§ **Work required**: Please give back only the lines below from the one containing "AI Generated. Close" to the one containing "Vývojové prostředí a", each repeated word for word, both ends included.

§ **Data for this task**:
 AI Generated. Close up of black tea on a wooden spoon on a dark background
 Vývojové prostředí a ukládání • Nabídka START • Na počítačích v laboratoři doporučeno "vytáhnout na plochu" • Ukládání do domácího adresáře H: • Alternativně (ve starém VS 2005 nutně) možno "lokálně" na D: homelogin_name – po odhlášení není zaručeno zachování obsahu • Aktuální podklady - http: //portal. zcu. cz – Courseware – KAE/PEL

==

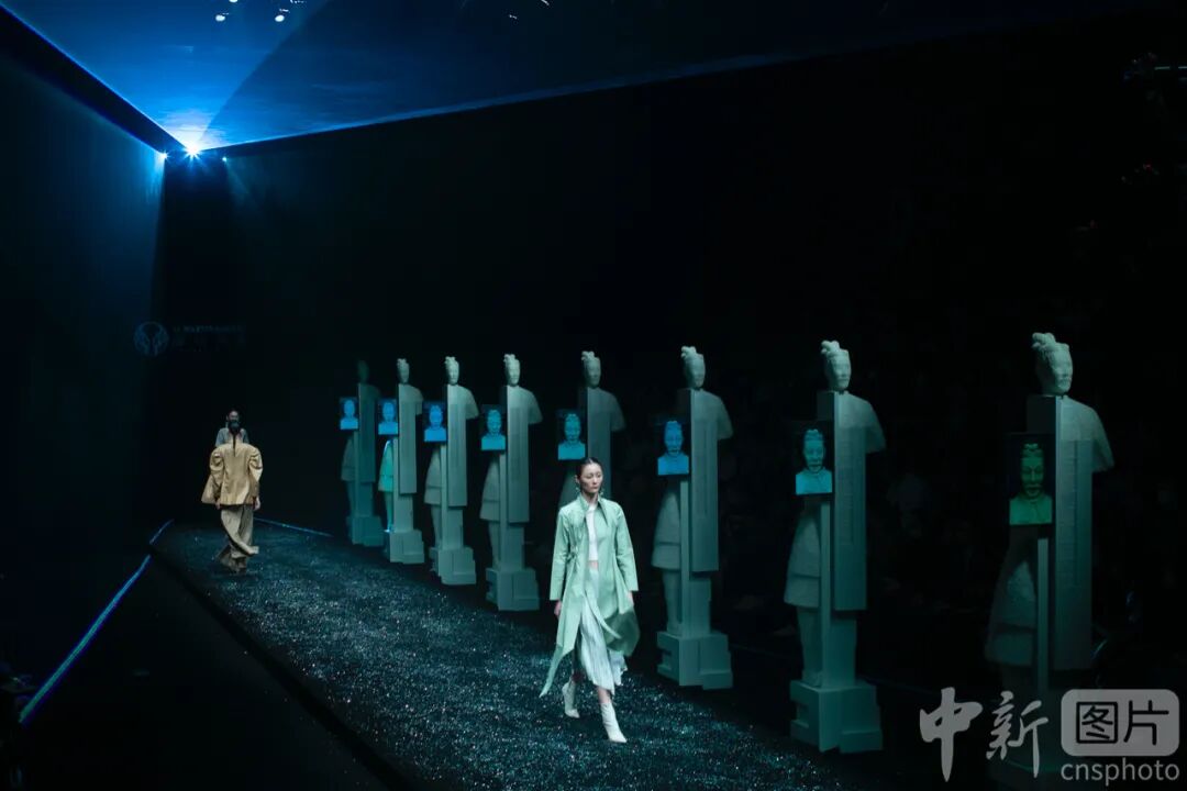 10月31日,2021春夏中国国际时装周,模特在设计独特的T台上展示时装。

§ **Final answer**:
 AI Generated. Close up of black tea on a wooden spoon on a dark background
 Vývojové prostředí a ukládání • Nabídka START • Na počítačích v laboratoři doporučeno "vytáhnout na plochu" • Ukládání do domácího adresáře H: • Alternativně (ve starém VS 2005 nutně) možno "lokálně" na D: homelogin_name – po odhlášení není zaručeno zachování obsahu • Aktuální podklady - http: //portal. zcu. cz – Courseware – KAE/PEL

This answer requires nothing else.